何度も失敗して、ようやく辿り着いた答え。それが、神楽饗(かぐらきょう)の「低温熟成」と「特選麹(とくせんこうじ)」を組み合わせる方法でした。これは単なる料理のやり方ではありません。魚が持っている本来の力を、じっくり時間をかけて「旨み」に変えていく、魔法のような工程なのです。
ここで、一つ考えてみてほしいことがあります。あなたが贈り物をしたあと、それを受け取ったおうちでは何が起きるでしょうか。
もし、調理にすごく手間がかかったり、キッチンが煙だらけになったり、後片付けが大変だったりしたら。せっかくの贈り物も、お母さんの仕事を増やしてしまうことになります。お父さんが自分で料理をする場合でも、準備が面倒だと、せっかくの魚が冷凍庫の奥に忘れられてしまうかもしれません。
私たちが目指したのは、届いた瞬間に「今日はこれがあるから、ご飯作りが楽になる。しかも最高においしい」と思ってもらえる体験です。一切れずつ丁寧にパックされていて、焼くだけ。それだけで、一流の料理屋さんの味が食卓に並ぶ。その「心のゆとり」こそが、お父さんやお母さんにとって、何よりのプレゼントになるはずです。
喉が鳴る。麹が引き出すキングサーモンの深み
神楽饗の自慢は「熟成キングサーモン麹漬け」です。この魚を焼くシーンを、ちょっと想像してみてください。
フライパンにクッキングシートを敷いて、弱火でじっくり焼いていきます。しばらくすると、麹(こうじ)のふわっと甘い香りが部屋中に広がります。それは、お味噌ともお醤油とも違う、どこか懐かしくて、お腹がグーッと鳴ってしまうような、とても良い香りです。
皮に少し焦げ目がついて、そこから脂がじゅわじゅわと音を立てて溢れ出してきたら、食べごろのサインです。お箸をそっと入れると、身が抵抗なくホロリと崩れます。
冷蔵庫の中で2日間、じっくりと。そうやって休ませた魚の身は、水分をしっかり抱え込んでいます。お箸を入れると、しっとり、そして吸い付くような柔らかさです。

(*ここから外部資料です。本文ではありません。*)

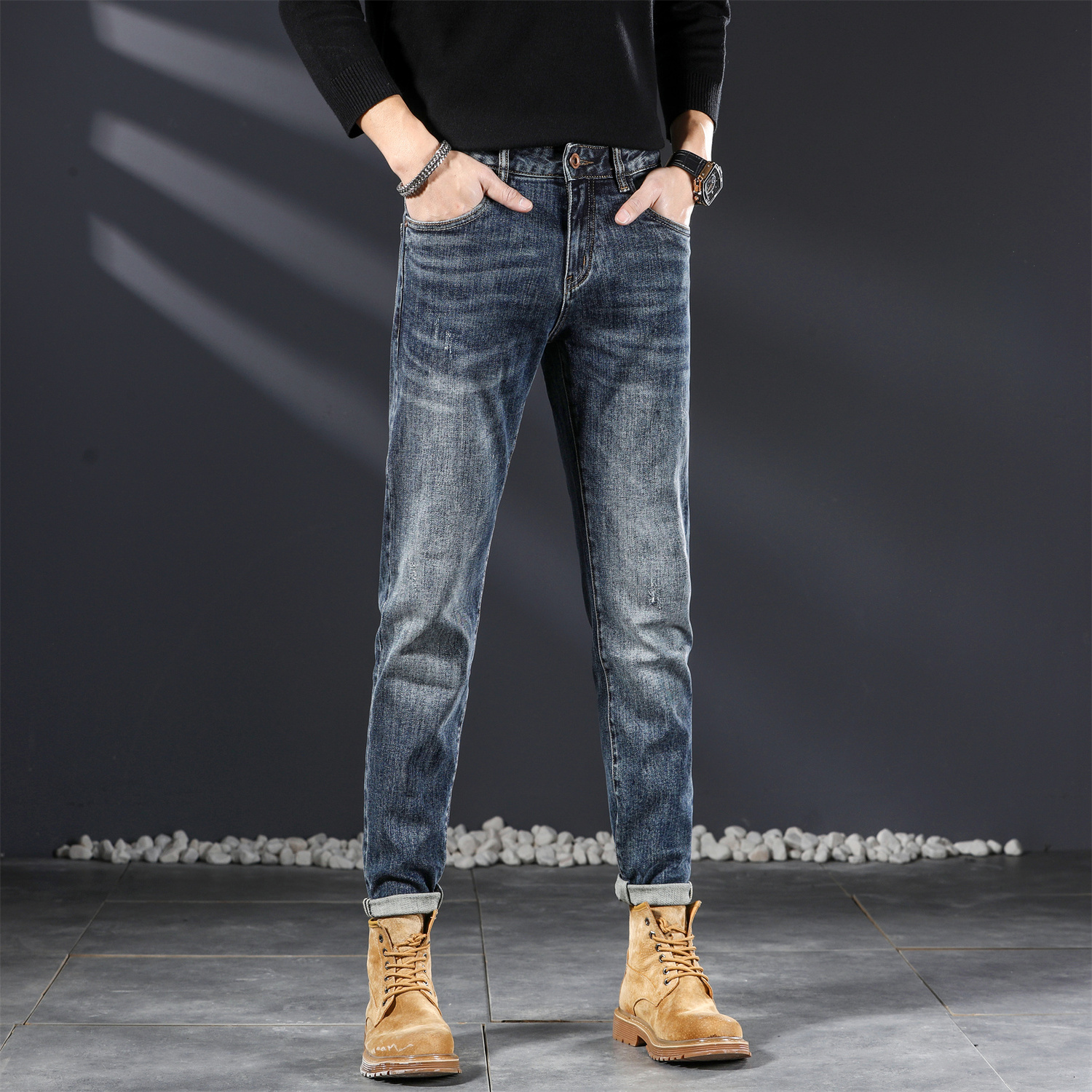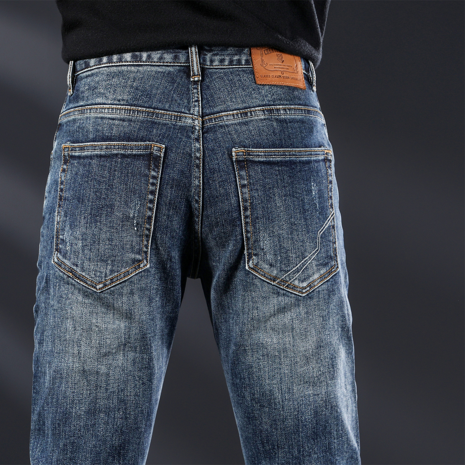 高街牛仔裤 2025经典 男痞帅直筒裤 秋冬弹力时尚 磨白潮牌 男修身 美式

一口食べれば、まず麹の優しい甘みが鼻に抜けます。その後に、キングサーモンの濃い旨みが追いかけてきます。熟成させた脂は、決してしつこくありません。むしろ、お砂糖を使っていないのに「甘い」と感じるほど。
これには、お父さんが楽しみにしている冷えた日本酒や、少し濃いめの焼酎が本当によく合います。魚の生臭さは全くありません。あるのは、熟成によって引き出された、魚本来の深い味わいだけ。これこそが、たくさんの魚を食べてきた「魚好き」を驚かせる理由です。
魚焼きを、もっと自由に、もっと軽やかに

魚好きのお父さんに喜んでもらうのはもちろんですが、その隣で、お母さんにもニコニコしていてほしい。そこで、私から一つアドバイスがあります。
魚を焼くとき、グリルの網を洗うのは本当に面倒ですよね。脂が乗ったサーモンは、網にくっついて身がボロボロになってしまうこともあります。そんな時は、フライパンに「魚焼き用シート」を敷いて焼いてみてください。
これだけで、身が崩れなくなるし、汚れもつきません。焼き終わったらシートを丸めて捨てるだけ。洗い物の手間がなくなるだけで、魚を食べるのがもっと身近に、もっと楽しくなります。こんな「ちょっとしたコツ」をメモに書いて一緒に贈るのも、あなたの優しさとして喜ばれるのではないでしょうか。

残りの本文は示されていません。